Information supplied Block Start

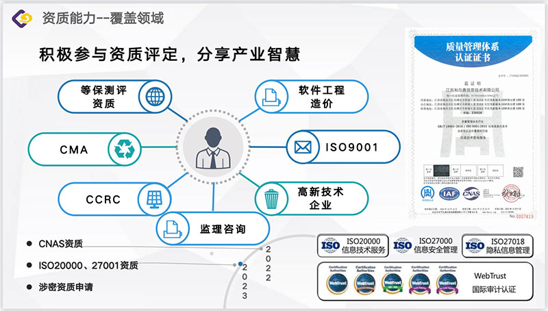 面向社会提供信息化战略方向风险、、项目建设过程风险、、信息安全风险等相关的咨询、、、造价、、、、监理、、、检验检测服务,,,,致力于帮助客户全面控制信息化风险,,,致力于让用户的信息化更简单、、、、更安全、、、、更可控。。。
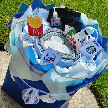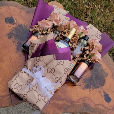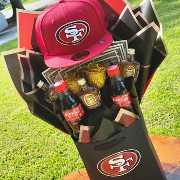 Snapback, mini bottles, soda, glitter roses, and custom gift bag (gifting amount not included in price)
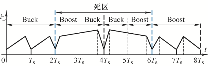 为了解决模式切换问题,针对死区内占空比不连续以及直流增益断续的情况,较为普遍的解决方案是引入新的模式,研究多模式控制策略,实现死区内有效控制,进而消除死区。现有的研究中,实现平滑模式切换,主要集中在输出特性的补偿,兼顾变换器动态性能的提升。
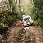 3 4x4's stuck with the rear vehicle having just burnt his clutch out trying to get out, having realised that this route really does get quite narrow ....
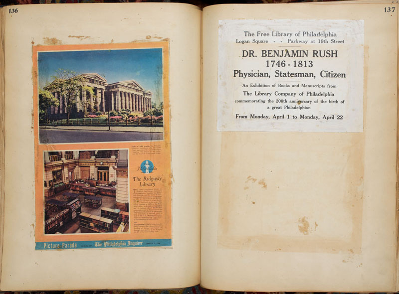 Most of the items pasted on the more than 160 pages of the scrapbook are clippings from area newspapers. Much of the activity at our Juniper and Locust Street building involved the Women’s Committee, and news coverage of those events includes comments on the attendees and what they wore, interviews with the speakers, and general descriptions of the material in the related exhibitions. Other newspaper clippings include reviews of exhibitions, comments on specific holdings, many re-tellings of the history of the Library Company, notes regarding our various buildings, and occasional financial news.
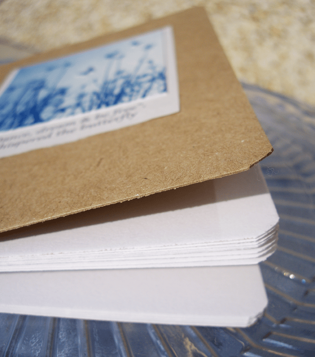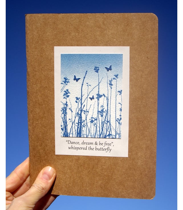 A notebook to make your heart sing and inspire your soul. Tiny butterflies flutter around a meadow cyanotype with the charming expression Dance, dream & be free, whispered the butterfly.
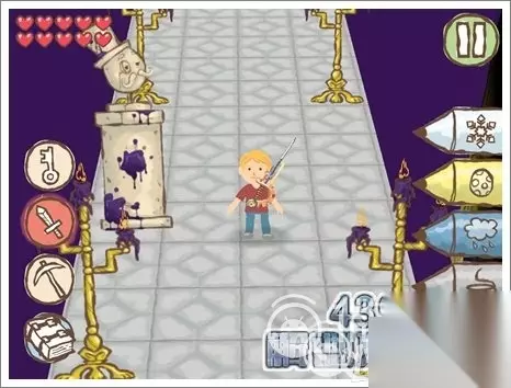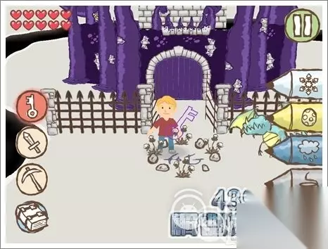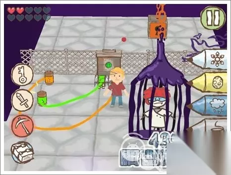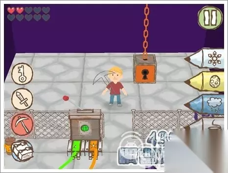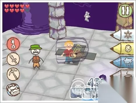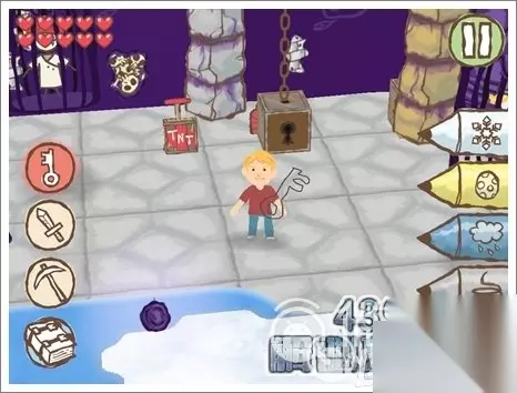 3.使用冰铅笔将水冰住,就可以继续前进。看见如图所示的有钥匙孔的位置,画个相同颜色的钥匙即可打开。
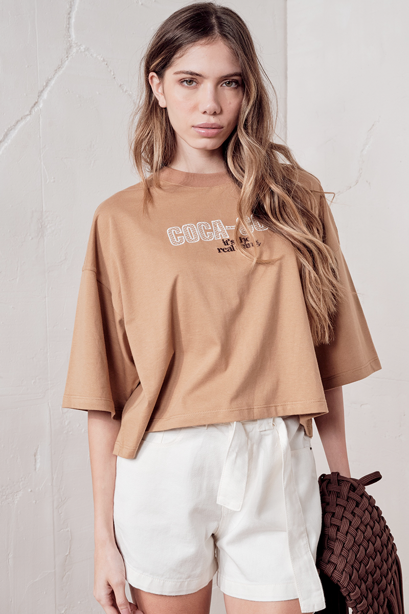 A Camiseta Coca-Cola Jeans Oversized é perfeita para quem quer criar looks icônicos com atitude moderna. Com modelagem oversized e comprimento cropped, oferece conforto máximo e liberdade de movimento para o dia a dia. Confeccionada em malha de algodão leve e macia, garante toque agradável e durabilidade. O design inclui mangas curtas amplas e decote redondo, combinando estilo e praticidade. O destaque da peça é o bordado frontal Coca-Cola em tela, acompanhado da frase "It’s the real thing", que reforça a autenticidade e espírito icônico da marca. Versátil, pode ser combinada com jeans, calças jogger ou saias de cintura alta, criando looks descontraídos ou urbanos com personalidade.

Information supplied Block End

Problem to work on:
Copy needed, without pictures: the lines of the listing above from the line containing "为了解决模式切换问题,针对死" up to and including the line containing "3 4x4's stuck", set down exactly.

Response:
 为了解决模式切换问题,针对死区内占空比不连续以及直流增益断续的情况,较为普遍的解决方案是引入新的模式,研究多模式控制策略,实现死区内有效控制,进而消除死区。现有的研究中,实现平滑模式切换,主要集中在输出特性的补偿,兼顾变换器动态性能的提升。
 3 4x4's stuck with the rear vehicle having just burnt his clutch out trying to get out, having realised that this route really does get quite narrow ....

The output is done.